The second Lazarus supply chain attack recently observed by Kaspersky researchers involved an IT asset-monitoring product vendor based in Latvia. In this attack, the Lazarus Group once again deployed the Copperhedge backdoor on the technology provider's network. 

"This was done in a careful multistage process using two layers of multiple [command and control] servers," says Ariel Jungheit, senior security researcher at Kaspersky. The attack resulted in the threat actors loading and executing the Copperhedge malware in-memory only.

But Jungheit says Kaspersky has been unable to confirm if Lazarus managed to compromise the asset management technology vendor's software products itself. Similarly, Kaspersky has not been able to determine if the Lazarus Group leveraged its access on the asset management software vendor's network to compromise any further victims.

"We did not have visibility into how Lazarus compromised the South Korean security software company nor the asset monitoring technology provider in Latvia," Jungheit says. "We take our findings at face value as an indicator of Lazarus' interest in developing supply chain capabilities."

The Lazarus Group — responsible for the WannaCry ransomware attack and numerous other malicious campaigns — is among a growing number of threat actors that have begun developing capabilities for exploiting vulnerabilities in the IT supply chain to target enterprises. 

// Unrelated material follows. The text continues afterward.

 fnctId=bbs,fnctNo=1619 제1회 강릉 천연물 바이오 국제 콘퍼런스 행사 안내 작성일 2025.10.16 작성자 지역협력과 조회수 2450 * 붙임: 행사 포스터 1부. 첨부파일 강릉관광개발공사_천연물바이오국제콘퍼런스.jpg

Just this week, for instance, Microsoft warned about Nobelium — the threat actor behind the SolarWinds breach — targeting trusted cloud and IT service providers in a dangerous new campaign to gain a foothold on their customer networks. Microsoft described the threat actor as having attacked more than 140 service provides since May and breaching 14 of them. 

The group has been identified by the federal government as Russia's SVR spy agency.

Growing Attacker Interest
Over the last quarter, Kaspersky observed at least two other threat actors — HoneyMyte and BountyGlad — adopting the same tack. HoneyMyte basically injected a backdoor into an installer package of a fingerprint scanner product that central government employees of a South Asian country are required to use to record attendance. 

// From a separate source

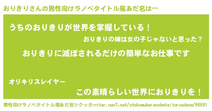 | ヒーロー風カッコイイあだ名 | 『仮面オリダー』『炎刃騎士オリ』 |

Kurt Baumgartner, principal security researcher at Kaspersky, says that it is very likely the threat actor did not directly target a specific vendor in this attack. "Instead, the attackers compromised the distribution server for the software itself, which was not run by the vendor" to distribute the Trojanized installer, he says. 

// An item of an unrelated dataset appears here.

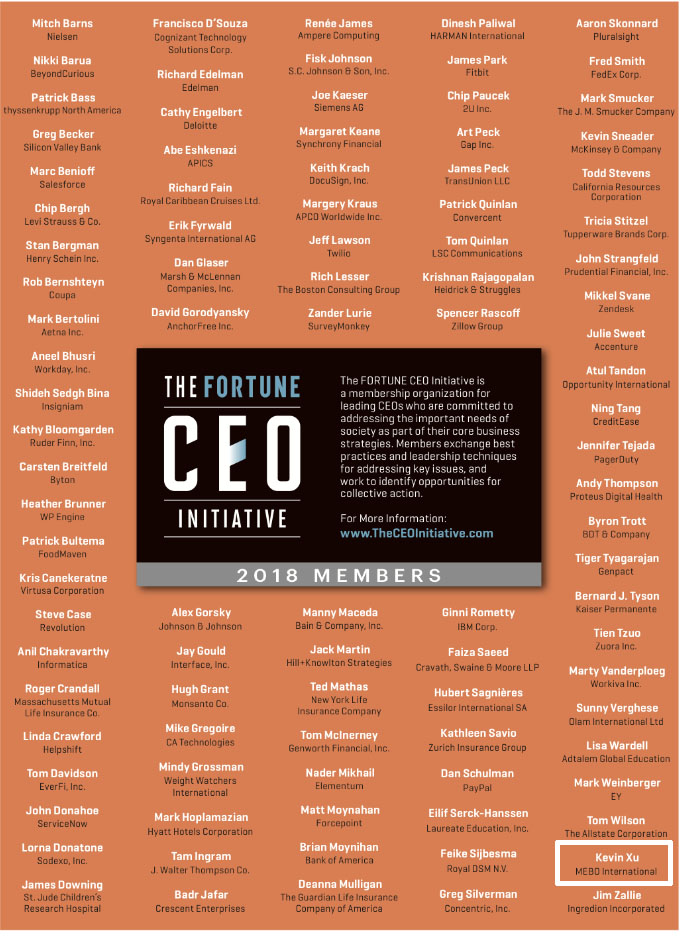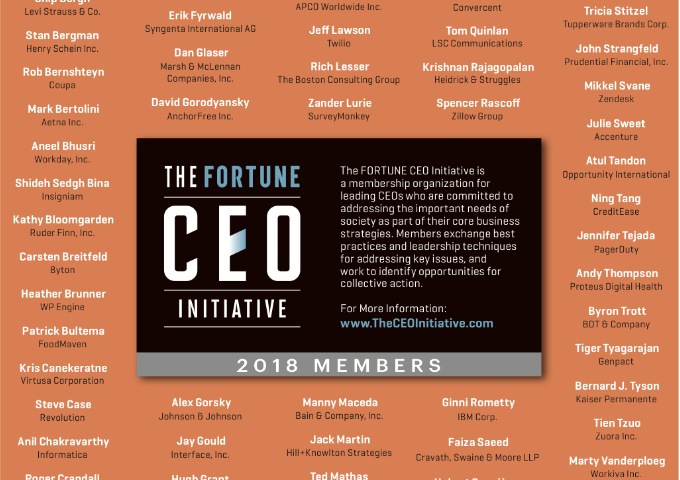 《財富》CEO倡議是《財富》雜志在2017年成立的組織,從財富500強中挑選出104位CEO商討商業(yè)組織如何通過共同合作在創(chuàng)造財富的同時使世界變得更好。這也是響應2016年教皇方濟各對財富500強的期望-其中的精英CEO、學者和慈善家們能夠合作為世界貧困問題提供解決策略來促進世界繁榮。

In the case of BountyGlad, the attackers replaced the installer for a digital certificate management software client on the vendor's distribution server with a malicious downloader. When executed on a victim system, the downloader executed the legitimate installer as well as additional malicious code, Baumgartner says.

History of Supply Chain Hacks
Supply chain attacks such as these are certainly not new. In 2019, a threat actor called Barium broke into an automated software updated system at hardware maker Asus and used the access to distribute malware to customers of Asus systems. The malware — distributed as part of an operation referred to as ShadowHammer — ended up being executed on over 400,000 systems. In 2017, attackers compromised a software build system at Avast and used the company's CCleaner software to distribute malware.

While these attacks garnered considerable attention, it was the breach that SolarWinds disclosed last December that really focused attention on supply chain security as an issue of critical concern.

"If you consider the impact of supply chain attacks we’ve seen in recent years, it’s not hard to see why an APT threat actor might find it an attractive approach," says David Emm, principal security researcher at Kaspersky. "Supply chain attacks constitute a breach in trust relationship between a supplier and companies downstream." 

An attack that leverages a compromised supplier is effectively an insider attack, he says.

Emm says supply chain attacks are within the range of most threat actors because pulling off one involves the same modus operandi used in other attacks — including the use of social engineering or exploiting vulnerabilities in software. 

"The key difference, of course," he adds, "is that the target company then becomes a stepping stone into their customers' networks."